Fibroids are usually diagnosed following an examination or pelvic ultrasound scan. They do not necessarily require any treatment unless they cause symptoms or are large.
For people suffering with heavy painful periods due to fibroids, tranexamic acid can be used to reduce the bleeding and anti-inflammatory medication, such as mefenamic acid, can help with period pains. Other options include the contraceptive pills (the combined oral contraceptive pill or progestogen-only pill) which can make periods lighter. The IUS, such as the Mirena ‘coil’, is another option that can lighten or stop periods; however, in some women with submucous fibroids it may be difficult (and sometimes impossible) to insert.
Other treatment options include shrinking or removing the fibroids. This can be achieved using medication or having a procedure. A type of medication known as a GnRH (gonadotrophin releasing hormone) analogue can be given to shrink fibroids. This is usually a monthly injection, although tablets have also now become available, and are given for a maximum of six months.
These medications can trigger menopausal symptoms and side effects related to low oestrogen levels such as thinning of the bones and, therefore, are sometimes given alongside ‘add back’ HRT to reduce the effects of an induced menopause. They can also be used prior to surgery to shrink the fibroids, with the aim of making surgery more straightforward.

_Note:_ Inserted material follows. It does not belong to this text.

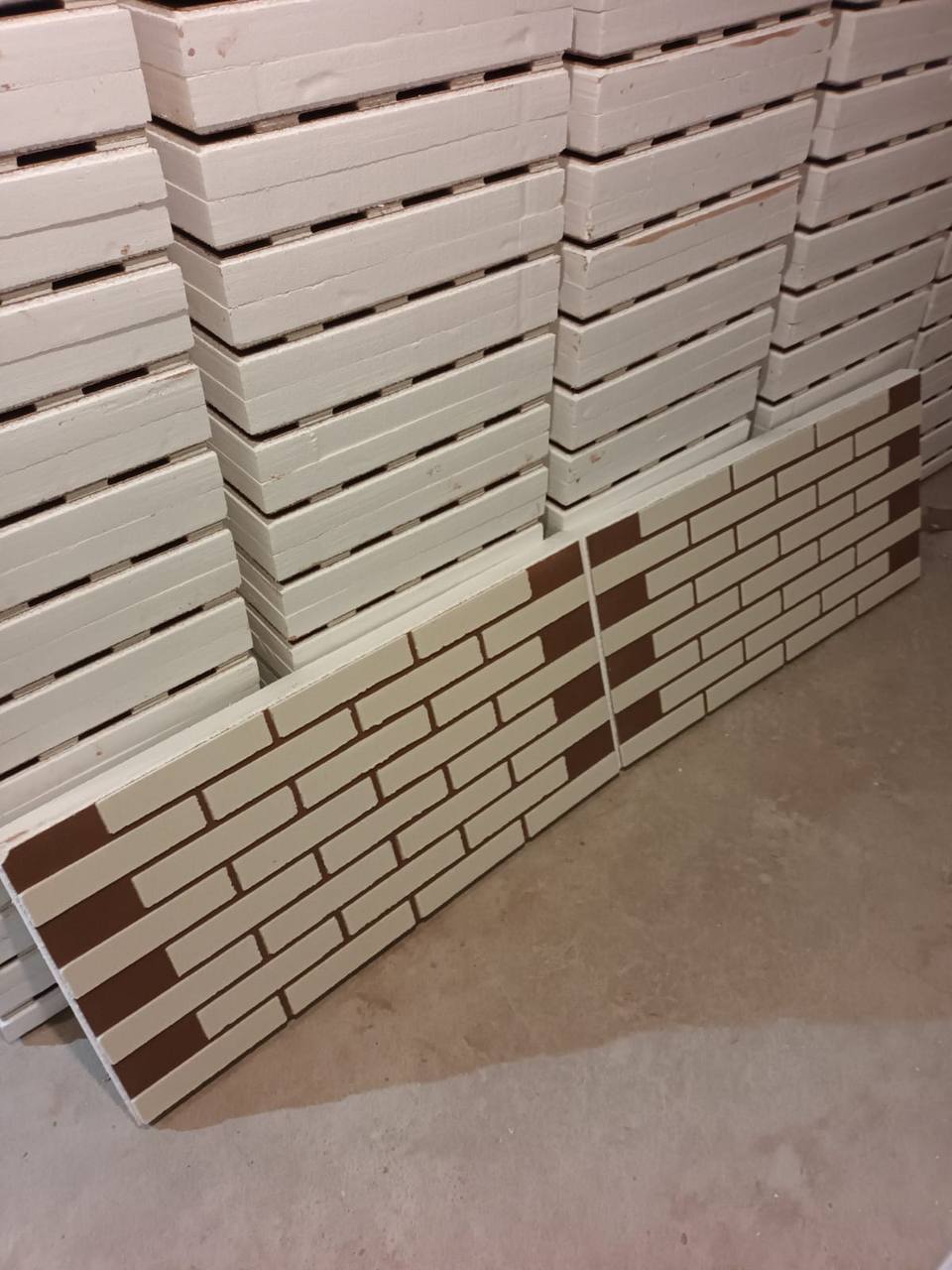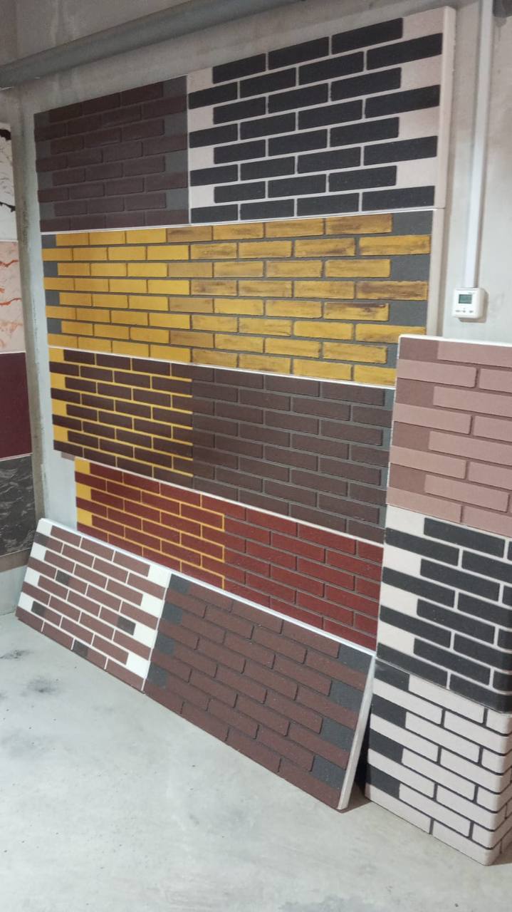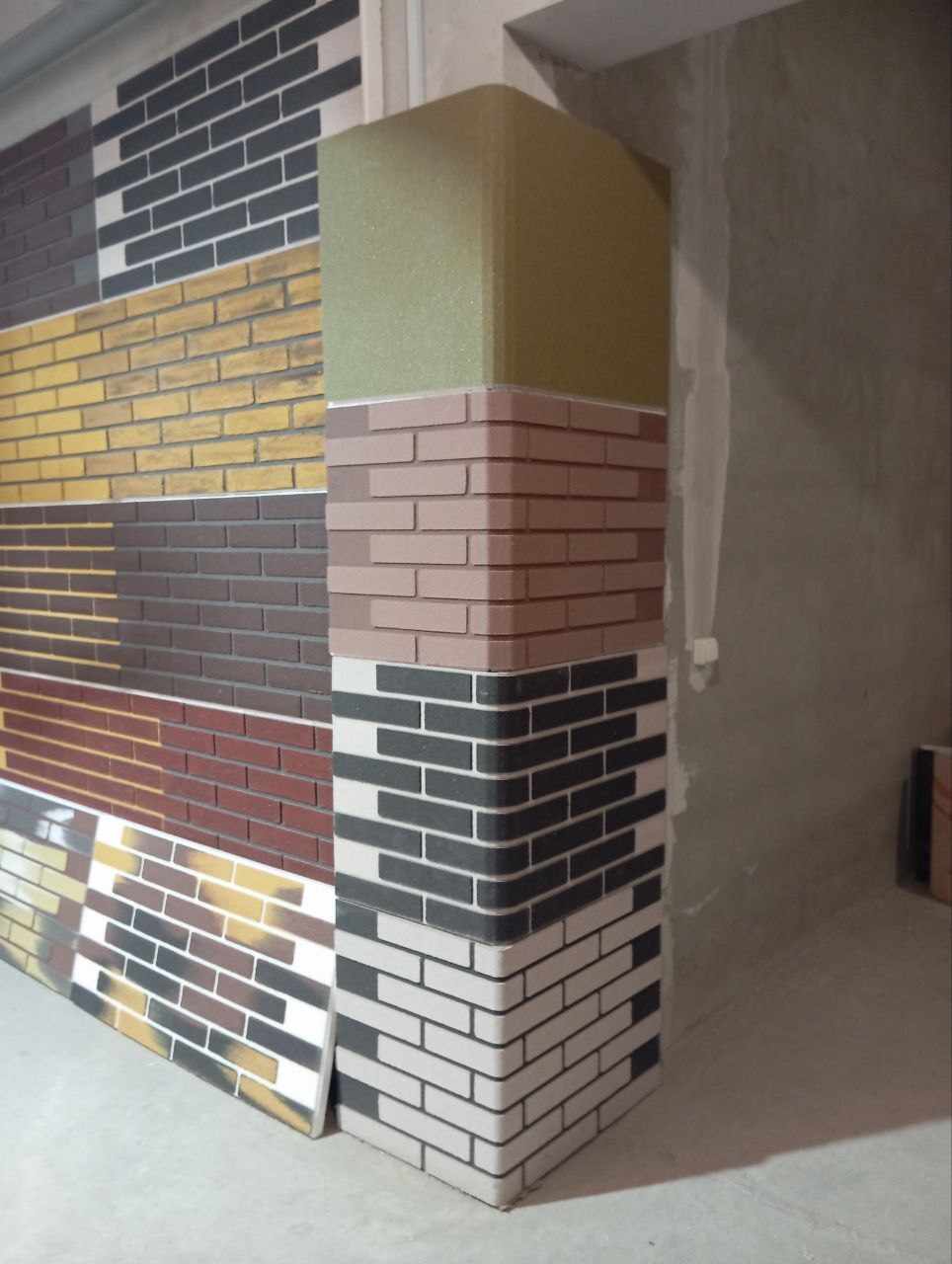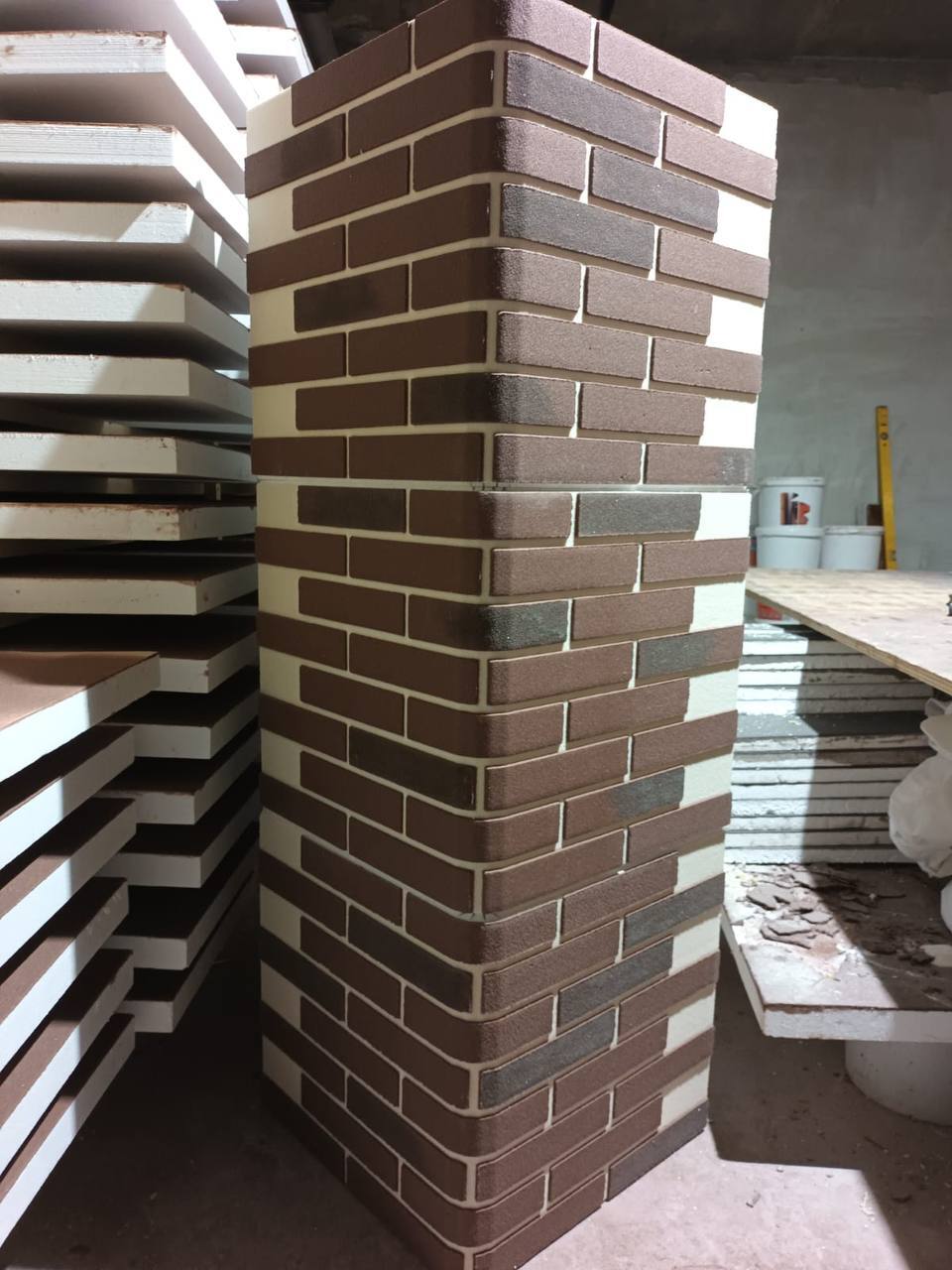 Стандартный размер термопанели и получается 1000х500 мм, гибкий камень чуть меньше – 950х550 мм, но мы можем производить размер под заказчика, т.е от размера кирпича до 3-х метровых обоев.

Surgical options include removing the womb (hysterectomy) or individual fibroids. Hysterectomy tends to be the preferred surgical option in women who do not want any (more) children, and myomectomy (surgical fibroid removal) is reserved for those women wishing to conserve their fertility. Other options include uterine artery embolization, which is a less invasive procedure cutting off the blood supply to the fibroid and resulting in it shrinking, and endometrial ablation – a procedure to remove the womb (endometrial) lining and reduce bleeding.
Although HRT may increase the size of fibroids, it is still an option for most women who would like to take HRT for perimenopausal, and menopausal, symptoms. Under specialist guidance, it should be possible to find a regime that works well for you and improves your overall health and well-being.